Top of Data

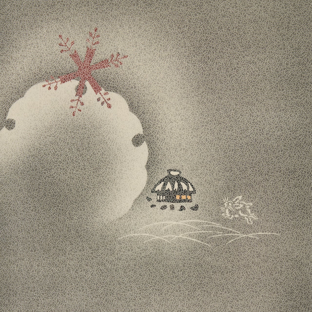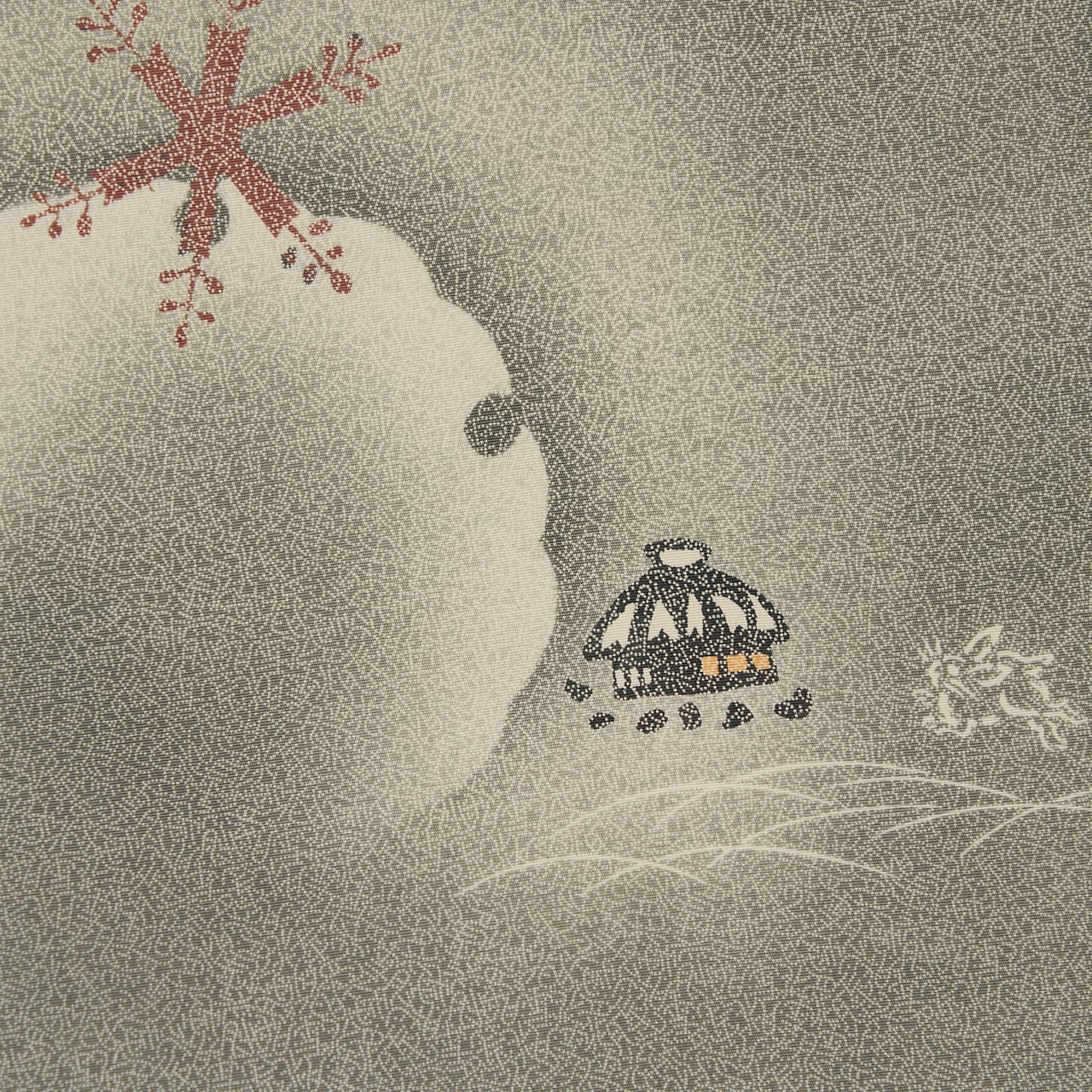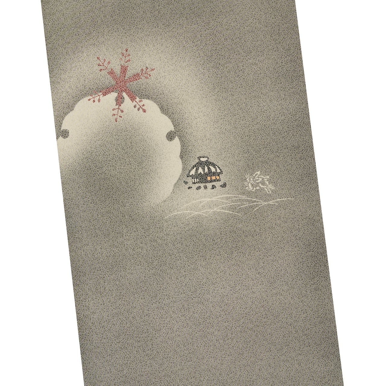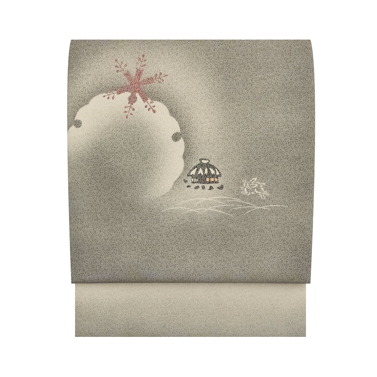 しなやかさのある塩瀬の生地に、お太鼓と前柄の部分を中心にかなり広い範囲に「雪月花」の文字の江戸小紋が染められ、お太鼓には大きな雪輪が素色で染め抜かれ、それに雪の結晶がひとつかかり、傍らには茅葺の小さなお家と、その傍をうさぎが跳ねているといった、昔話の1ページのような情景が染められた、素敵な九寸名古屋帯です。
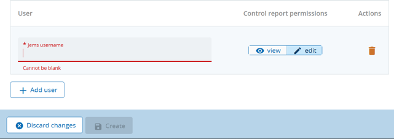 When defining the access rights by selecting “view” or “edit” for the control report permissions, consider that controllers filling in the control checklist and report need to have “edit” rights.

Bottom of Data
Top of Data

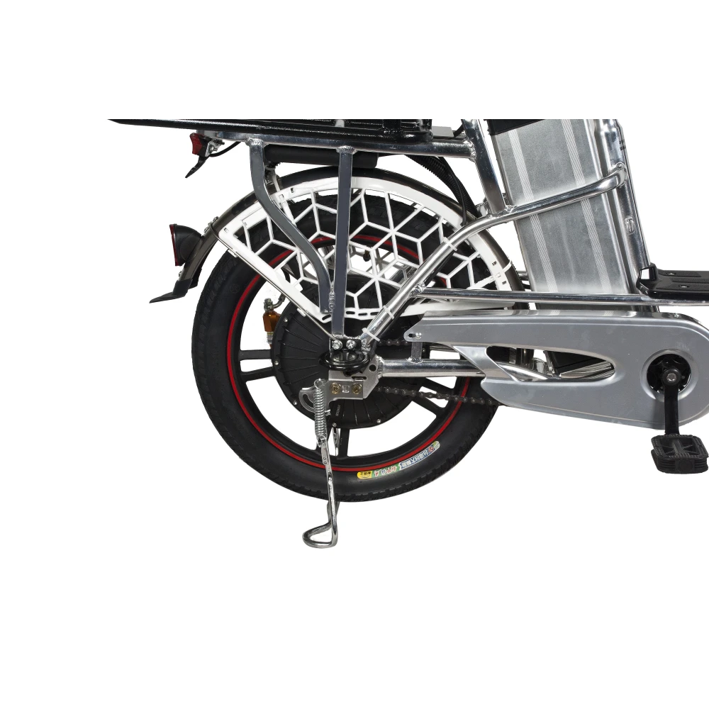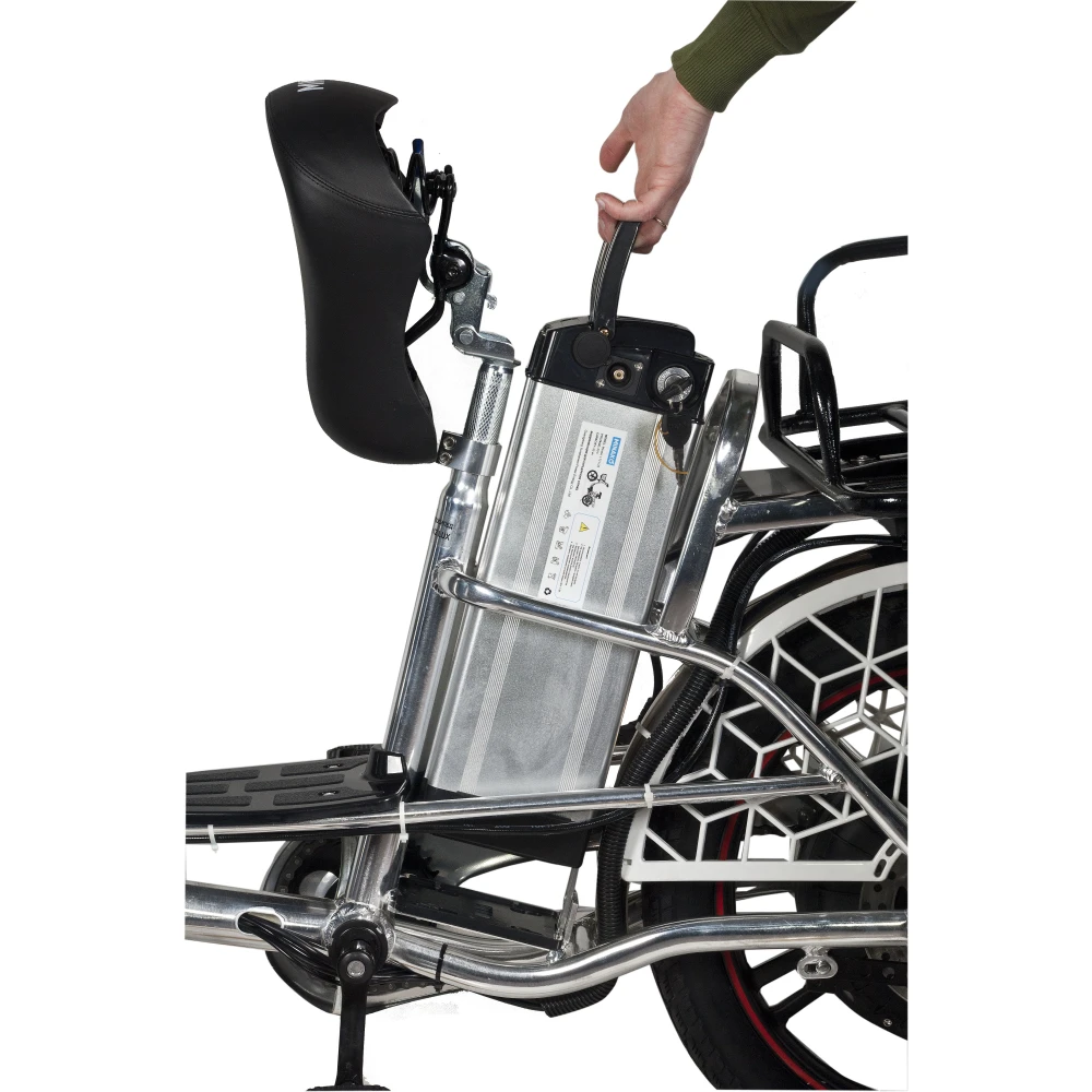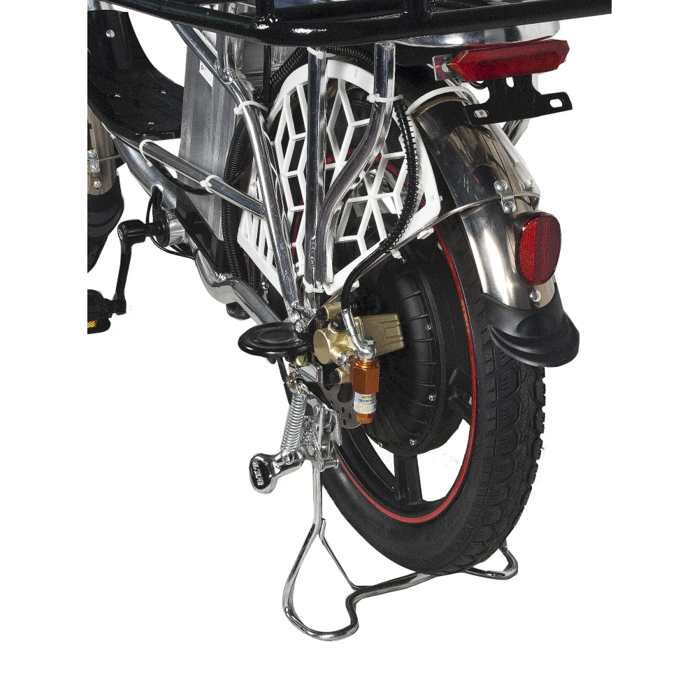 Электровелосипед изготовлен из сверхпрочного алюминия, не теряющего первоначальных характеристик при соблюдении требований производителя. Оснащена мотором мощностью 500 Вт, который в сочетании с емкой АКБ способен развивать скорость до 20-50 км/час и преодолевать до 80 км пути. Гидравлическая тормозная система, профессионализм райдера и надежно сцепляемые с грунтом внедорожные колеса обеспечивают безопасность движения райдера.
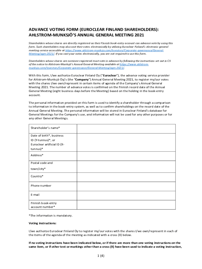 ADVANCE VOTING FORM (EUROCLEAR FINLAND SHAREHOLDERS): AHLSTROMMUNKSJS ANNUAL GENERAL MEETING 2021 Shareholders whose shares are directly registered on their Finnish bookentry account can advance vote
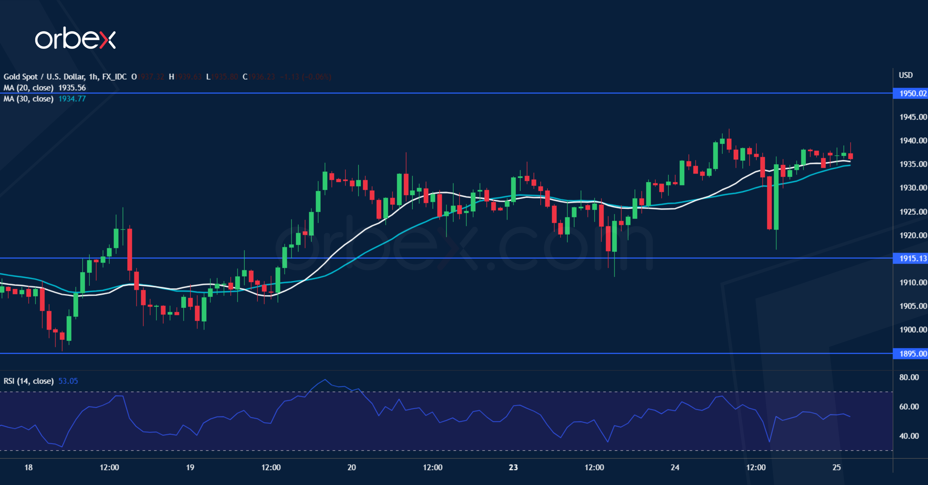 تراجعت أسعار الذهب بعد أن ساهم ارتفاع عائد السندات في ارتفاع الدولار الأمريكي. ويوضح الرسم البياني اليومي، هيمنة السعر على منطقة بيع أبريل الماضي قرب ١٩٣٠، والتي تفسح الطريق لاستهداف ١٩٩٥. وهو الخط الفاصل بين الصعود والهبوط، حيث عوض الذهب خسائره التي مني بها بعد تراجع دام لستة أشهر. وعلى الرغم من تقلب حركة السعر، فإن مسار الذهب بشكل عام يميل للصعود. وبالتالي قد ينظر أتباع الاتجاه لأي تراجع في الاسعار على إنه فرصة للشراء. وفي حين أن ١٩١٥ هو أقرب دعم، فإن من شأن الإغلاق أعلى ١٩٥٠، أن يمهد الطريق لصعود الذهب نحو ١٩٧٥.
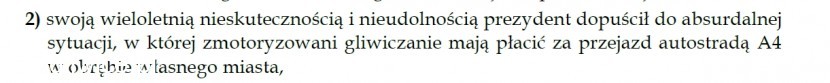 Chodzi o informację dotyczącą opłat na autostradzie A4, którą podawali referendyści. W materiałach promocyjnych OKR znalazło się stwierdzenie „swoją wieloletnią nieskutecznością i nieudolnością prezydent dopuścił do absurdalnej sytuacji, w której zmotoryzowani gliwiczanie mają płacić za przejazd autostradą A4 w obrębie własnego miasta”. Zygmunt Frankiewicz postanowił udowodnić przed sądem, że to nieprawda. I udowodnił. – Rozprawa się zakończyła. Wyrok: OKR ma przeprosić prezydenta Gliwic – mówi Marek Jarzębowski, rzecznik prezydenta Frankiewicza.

Bottom of Data
Top of Data

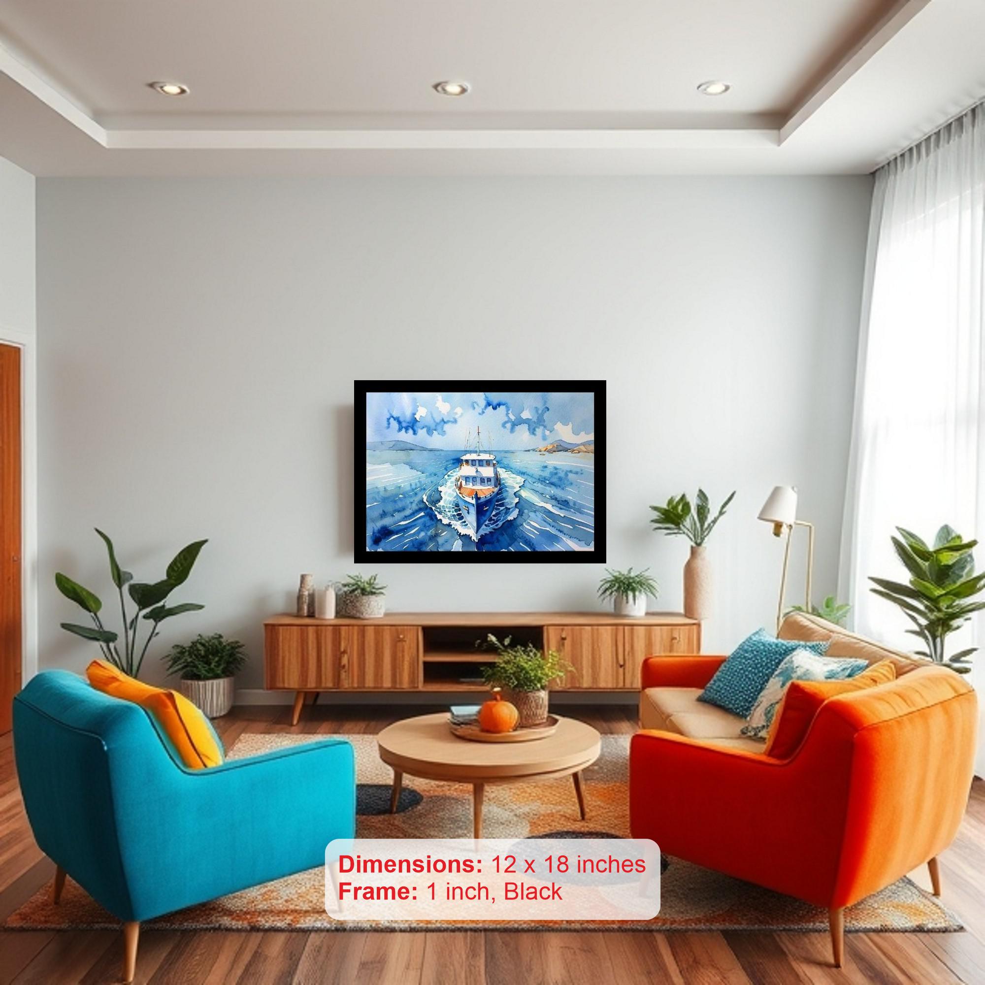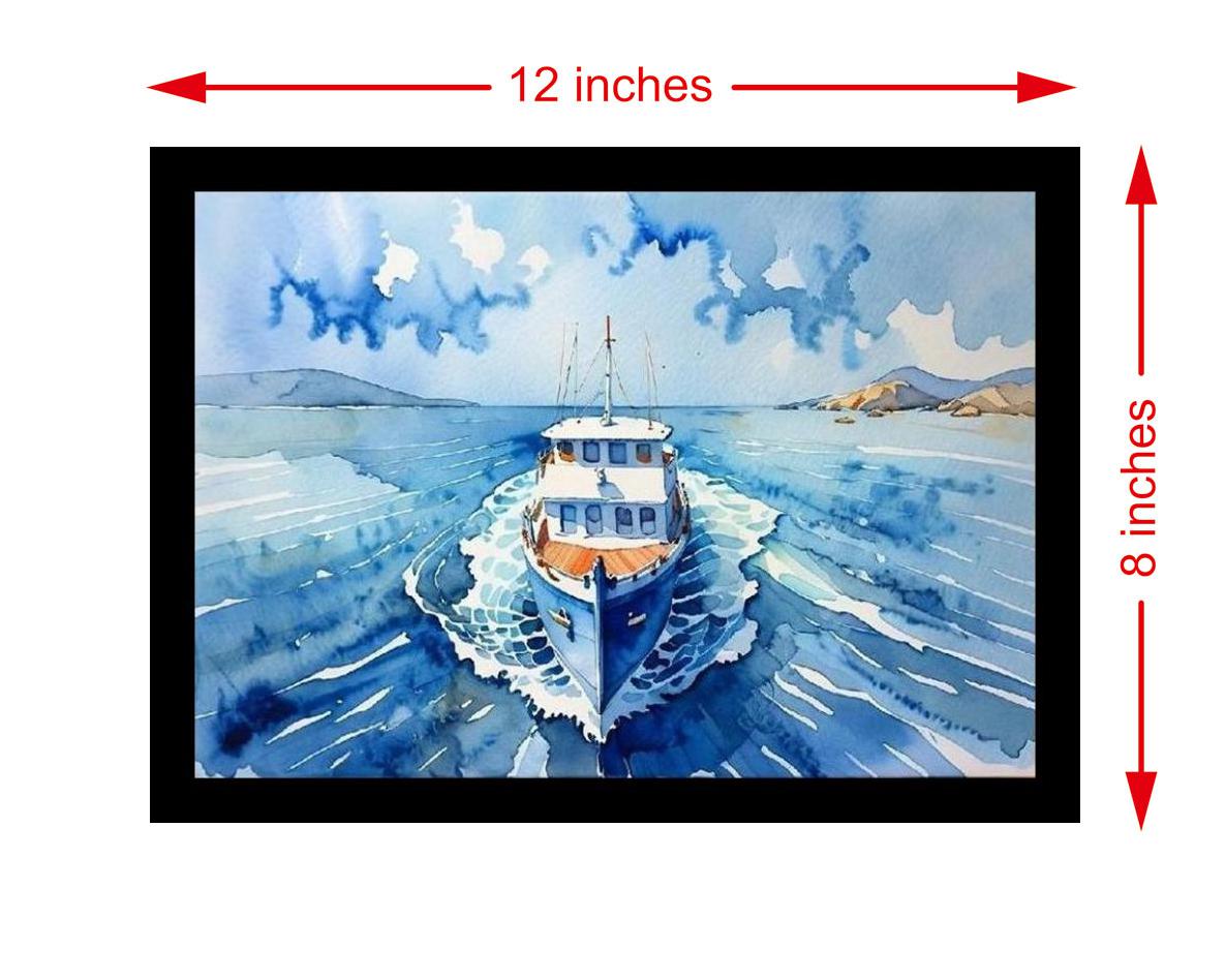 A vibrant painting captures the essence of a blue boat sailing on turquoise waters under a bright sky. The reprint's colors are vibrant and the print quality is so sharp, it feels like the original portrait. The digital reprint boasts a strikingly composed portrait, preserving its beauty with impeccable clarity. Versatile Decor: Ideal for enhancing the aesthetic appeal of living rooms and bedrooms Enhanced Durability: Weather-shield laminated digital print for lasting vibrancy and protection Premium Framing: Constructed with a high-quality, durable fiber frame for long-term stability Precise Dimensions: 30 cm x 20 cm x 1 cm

Bottom of Data

» **Assigned task**:
Look above for the line with "しなやかさのある塩瀬の生地に" and the line with "When defining the". Give again exactly those two lines and all lines between them, pictures excluded.

» **Response to the exercise**:
 しなやかさのある塩瀬の生地に、お太鼓と前柄の部分を中心にかなり広い範囲に「雪月花」の文字の江戸小紋が染められ、お太鼓には大きな雪輪が素色で染め抜かれ、それに雪の結晶がひとつかかり、傍らには茅葺の小さなお家と、その傍をうさぎが跳ねているといった、昔話の1ページのような情景が染められた、素敵な九寸名古屋帯です。
 When defining the access rights by selecting “view” or “edit” for the control report permissions, consider that controllers filling in the control checklist and report need to have “edit” rights.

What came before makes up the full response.